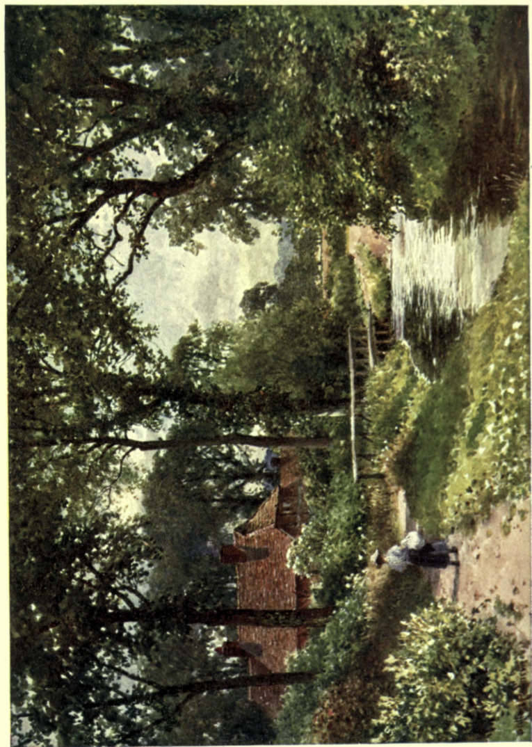
THE BOURNE, CHOBHAM
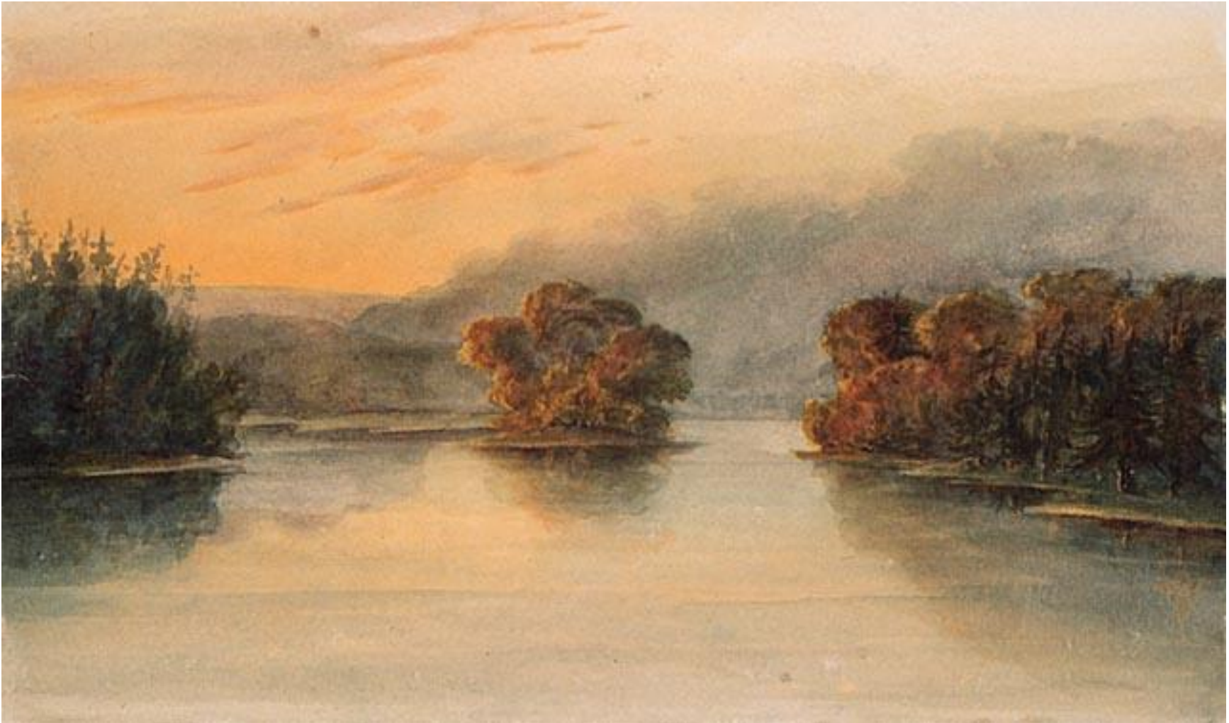
Petite Rivière Joins Ottawa near Lake Nipissing
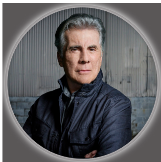
John Walsh Investigation Discovery's In Pursuit with John Walsh and Co-Founder, The National Center for Missing & Exploited Children

Plus panel discussions and presentations from the National Center for Missing and Exploited Children and other organizations, state and local law enforcement, and survivors of child exploitation.
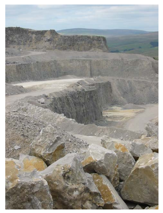
Figure 4. Horton Quarry, Settle, Yorkshire Dales National Park

The Carboniferous limestones of the northern Pennines contain thick sequences of very pure (>97 per cent CaCO<sub>3</sub>) limestone associated with other units of more variable chemical quality. The most consistently pure limestones are found within the Malham Formation and equivalent beds. These crop out widely between Ingleton and Grassington but further north they are largely concealed beneath limestones of lower and more variable quality. The Cove Limestone, forming the lower part of the Malham Formation, is chemically very pure and the overlying Gordale Limestone is also characterised by high-purity limestones. Local variations in rock quality may result from dolomitisation, silicification, lead-zinc mineralisation and clay contamination related to faults and fractures. However, the Malham Formation forms a thick resource of high-grade industrial limestone. Limestone for industrial use has been produced from several limestone quarries in the past but currently all limestone is used as aggregate.
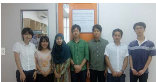
group photo in front of UT KL Office
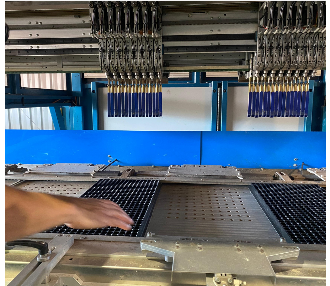
Automation in Horticulture
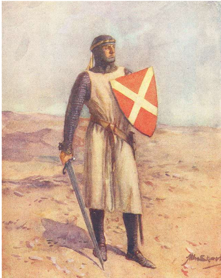
KNIGHT OF ST. JOHN.

than eight thousand Turks had been slain before the walls, and this was but a small outlying fort, while the greater forts still stood, grim and frowning, across the harbour. "If the child has cost us so dear, what will the parent cost?" said Mustapha, the Turkish general.
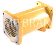
7N 0128 Cooler Core
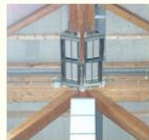
PATINOIRE, Malley Lausanne - 9'600 m 2 - H = 17 m - Power: 3'000 KW + 24° Bei -10°
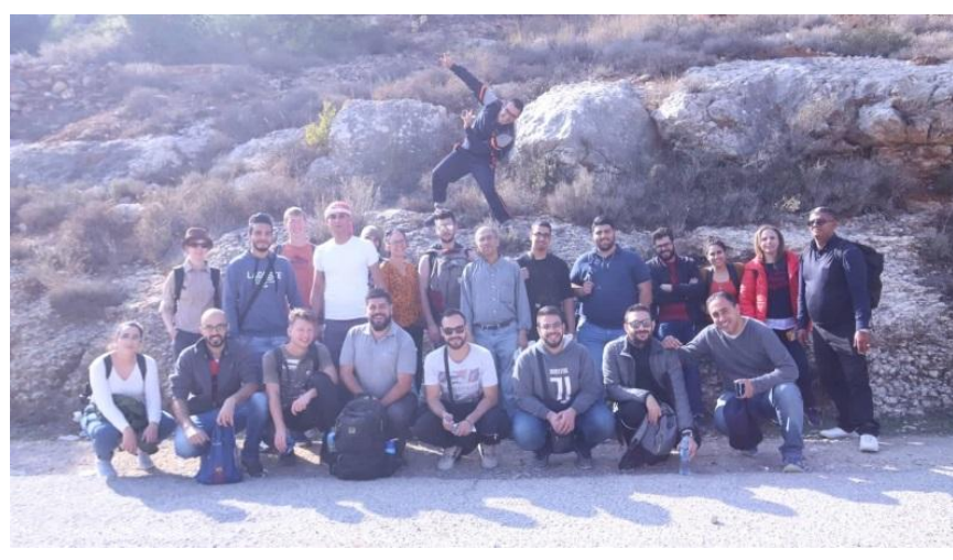
Section 2. Reports on workshop herd with students focusing on managing Al-Makhrour as a model for managing Palestinian Ecosystems
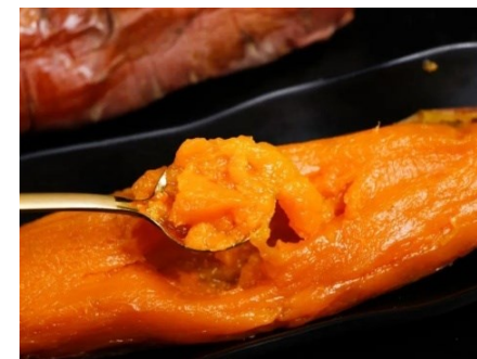
04 Ready-to-eat 即食食品
┄┄┄┄┄┄┄┄┄┄┄┄┄┄┄┄┄┄┄┄
Looking at the listing above, count the lines that contain "Missing" and give nothing but the number.

-- Result of the exercise --
2